Nederlands Tijdschrift voor Tandheelkunde
Leerdoelen Na het lezen van dit artikel kent u: - het effect van het immediaat plaatsen van een tandimplantaat in het bovenfront op de postoperatieve dikte en hoogte van de buccale botlamel; - de procedure van immediaat plaatsen van een implantaat in het bovenfront en de voordelen daarvan.
De huidige trend neigt dan ook steeds meer naar het immediaat plaatsen van implantaten, aangezien deze procedure voor het behoud van bot en gingiva gunstiger, meer voorspelbaar en meer succesvol zou zijn (Atieh et al, 2009). De kortere behandeltijd, het lager aantal vereiste ingrepen en het gebruikmaken van de verhoogde osteoblastenactiviteit direct na extractie maakt het immediaat implanteren te prefereren boven de conventionele implantologie (Quirynen et al, 2007). Om gebruik te maken van de mogelijkheid tot immediaat implanteren dient extra voorzichtig te worden omgegaan met de buccale botlamel tijdens extractie (Nevins et al, 2006). Cruciaal is om aansluitend aan extractie het implantaat voornamelijk in de palatinale alveolewand van de lege tandkas te plaatsen (Becker, 2005; Quirynen et al, 2007; Block et al, 2009). De grootte van de buccale ruimte tussen de originele botlamel en het implantaat dient bij voorkeur minimaal 2,0 mm te zijn (Chen et al, 2007; Cordaro et al, 2009; Huynh-Ba et al, 2010; Cooper et al, 2010; Ferrus et al, 2010).
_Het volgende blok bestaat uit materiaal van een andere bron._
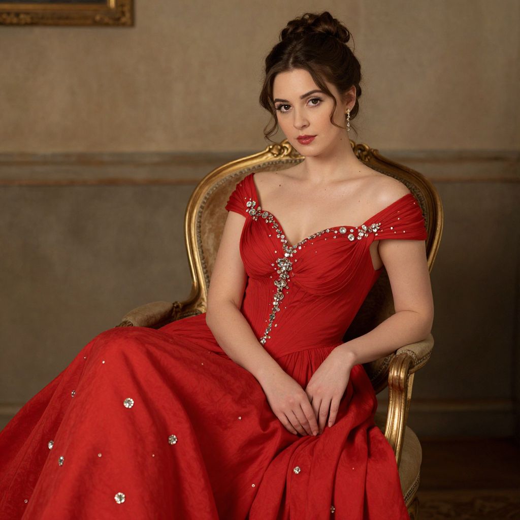 A woman in a vibrant red gown adorned with sparkling embellishments sits elegantly on an ornate chair, exuding timeless beauty against a softly lit, vintage-inspired backdrop, reminiscent of a classic oil painting by Rob Hefferan.

Wat weten we Zonder extra maatregelen neemt de buccale lamel na extractie, ongeacht of het implantaat wel of niet immediaat wordt geplaatst, in dikte en in hoogte af.
Wat is nieuw Met behulp van analyse met conebeamcomputertomografie wordt inzicht verkregen in de postoperatieve botremodellering na immediaat implanteren in het maxillaire front waarbij buccaal van het implantaat een botsubstituut wordt aangebracht.
Praktijktoepassing Bij het immediaat plaatsen van een implantaat in het maxillaire front wordt, na het opvullen van de ruimte tussen implantaat en de buccale botlamel met een botsubstituut, een toename van de botlamel, zowel in dikte als hoogte, verkregen.